Na manhã seguinte, ao café-da-manhã, Lucrécia disse para Marta, sua filha, que, através da janela da sala, a vira beijando, apaixonadamente, um rapaz alto, espadaúdo e bonito.

– Mãe, tu me espionastes? Trabalhas para a CIA, ou para a KGB?

– Trabalho para a Duarte Investigações Secretas – respondeu-lhe Lucrécia, ao mesmo tempo que lhe apertou a bochecha -, a melhor agência de espionagem do mundo. A CIA é um desastre. Leste aquele livro, cujo título esqueci, sobre a CIA? Falha-me a memória.

– Tu precisas de fosfato.

– De ômega 3. Fosfato é personagem de história da carochinha. Ultimamente, a minha memória tem me deixado em apuros, com freqüência preocupante. Necessito, urgente, de ômega 3 e boas noites de sono. De dois meses para cá, mal dormi. Mas não mudemos de assunto. Qual é o nome do bonitão?

– Dálton.

– Tu estás lacônica. Não tens informações importantes para dar-me? Se não mas oferecer, eu as extrairei de ti. Aplicarei métodos inusuais e ortodoxos. Não te esqueças: sou espiã da Duarte Investigações Secretas. Saibas, queridinha, que tortura não está fora de cogitação. Imersão da cabeça numa bacia de água fria é um método que dá os resultados desejados, tu sabes.

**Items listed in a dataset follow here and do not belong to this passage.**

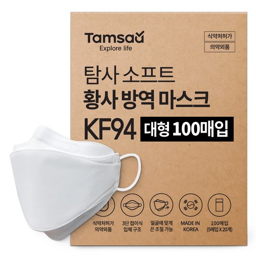 탐사 소프트 황사방역마스크 KF94 대형 슬림핏 지퍼백, 5개입, 20개
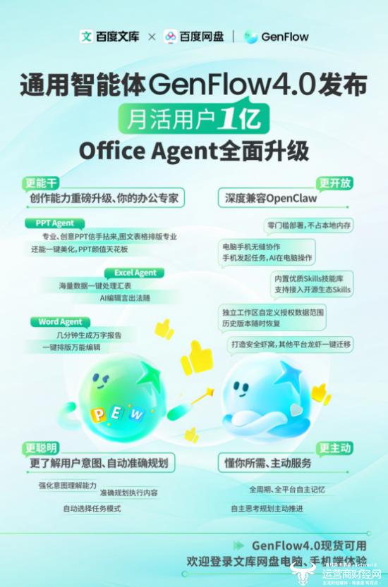 4月27日,在百度AI Day开放日上,百度文库网盘联合发布通用智能体「GenFlow4.0」,全面升级Office Agent,个人和团队均可在网盘通用智能体GenFlow4.0中一键部署OpenClaw,把文库网盘打造成自己的「AI工作台」。
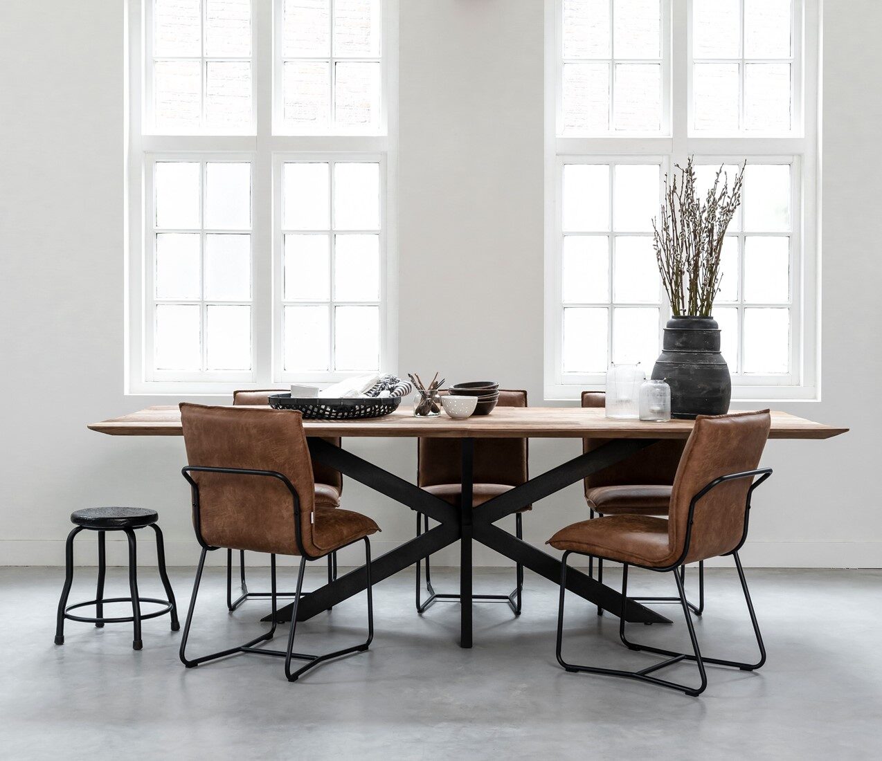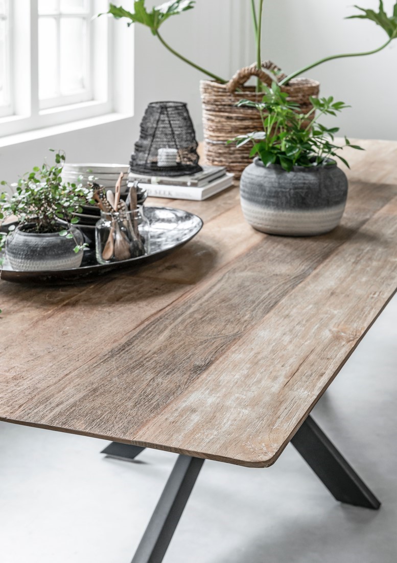 Eettafel Curves is gemaakt van teakhout en is afgewerkt met een metalen frame. De tafel heeft een afmeting van 78x260x100 cm.

– Mãe, tu és tão cruel. Denunciar-te-ei ao Tribunal Penal Internacional por crimes contra a humanidade.

– Este território não está sob jurisdição de tal tribunal.

A conversa prolongou-se por duas horas durante as quais Marta disse à sua mãe que conhecera Dálton na festa de aniversário de Luciana, e que fôra amor à primeira vista, e perdeu-se em elogios a ele, moço forte, inteligente, bonito, educado, elegante, charmoso, espirituoso, estudioso, trabalhador. Resumindo: um homem perfeito. Lucrécia reprovou-lhe o ânimo exaltado, pediu-lhe ponderação, e disse-lhe que não se deixasse levar pelas primeiras impressões e pelas aparências. Marta disse-lhe que as primeiras impressões são as que ficam, e ela completou:

– Até que as segundas impressões as apaguem.

Naquele mesmo dia, ao anoitecer, Dálton foi à casa de Marta. Marta apresentou-o para seu pai, Floriano, para sua mãe, para sua irmã, Nair, e para seu irmão, Lucas. Advogados, Floriano e Lucrécia, ele, civil, ela, trabalhista, falaram, durante a conversa, de alguns casos que se popularizaram no Brasil e no exterior, aludiram ao corporativismo dos advogados, e disseram que desejavam, um dia, vir as pessoas que exerceriam a advocacia – e apontaram para Marta, que prestaria o exame vestibular no final do ano – usufruir da liberdade, atualmente inexistente, de se associarem à corporação jurídica que desejassem. Ignorante da questão, intrigado, Dálton revelou-lhes o seu desconhecimento da ausência de liberdade de associação dos advogados, e pediu-lhes esclarecimentos a respeito. Eles o ciceronearam através da história do Brasil, desde o império, para ilustrar os exemplos que apresentavam e iluminar a questão, para que ele compreendesse as razões de haver, no Brasil, instituições burocráticas nefastas, malsãs. Dálton ouviu-os atentamente. A conversa prosseguiu, após o jantar, na sala-de-visitas, até às vinte e três horas. Trataram de política, da nacional e da municipal, de eventos, sucedidos em outros países, de repercussão e envergadura planetárias: a crise econômica mundial, catástrofes naturais, a guerra no Iraque e no Afeganistão, as escaramuças entre os Estados Unidos e a Rússia. E não negligenciaram trivialidades. E falaram de esportes, filmes e novelas.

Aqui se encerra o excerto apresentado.